HP: We Learned the Hard Way our Old Support Model Didn’t Scale
I’ve written before that big data necessitates DevOps. As teams build ever larger clusters of servers, the need for automation and close collaboration with developers to manage those servers becomes paramount. It also changes the needs that data center teams have from support contracts. According to HP’s Seamus Dunne, who appeared today on theCube, HP learned that lesson the hard way. Dunne talks a bit about how HP is trying to solve hyperscale support woes with Datacenter Care component of the Always On Support initiative launched today.
Dunne says HP’s hyperscale customers are running complex infrastructures like Hadoop clusters with large numbers of servers and HP’s model of providing support for every single device just didn’t scale. HP also realized that these sorts of advanced customers didn’t need or want basic support. They don’t need hand holding but they do want mission critical support so that when a server blows out, they have a place to turn to get advanced help right away.
Dunne says that for these hyperscale customers HP is focusing on support for infrastructure and operating systems, and letting the customers handle the software layer. This allows IT teams to focus on handling big data problems and not worry about hardware.

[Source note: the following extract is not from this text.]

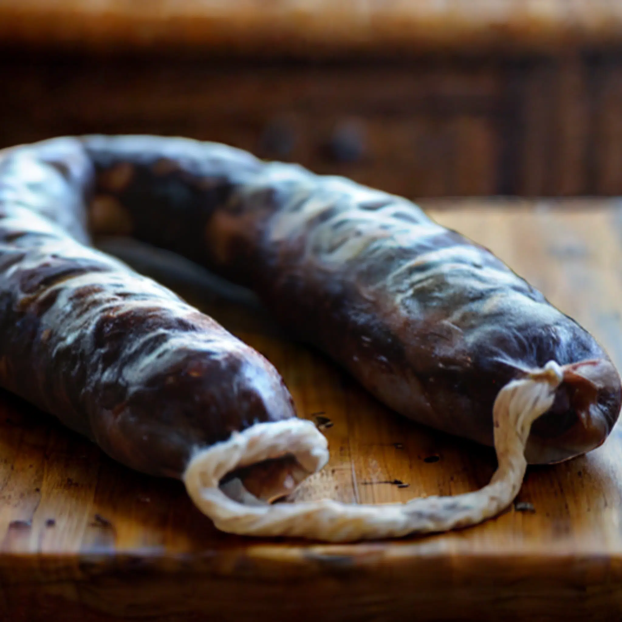 O Chouriço de Sangue, composto por 70% de carne suína e 10% de sangue de porco. Este enchido tradicional possui um sabor intenso e uma textura rica, sendo uma escolha autêntica para quem busca um produto artesanal de qualidade.

Dunne does point out that the Datacenter Care does work with software vendors and can provide software support for organizations that need it, but points out that not every customer needs it. He says that the pricing and support agreements are different for every custom based on their needs.
Services Angle
Obviously Dunne wants to sell these Datacenter Care services, but it’s refreshing to see a vendor admit to having done things wrong in the past and learning from mistakes. HP is the leader in data center hardware, but faces fierce competition from Cisco, Dell and Oracle. HP already has its Project Moonshot and Project Voyager initiatives to distinguish its hardware line, but support is what can really make or break a company. ARM processors, flash memory, automated servers and other futuristic advances are great, but it doesn’t matter much if the support is lousy.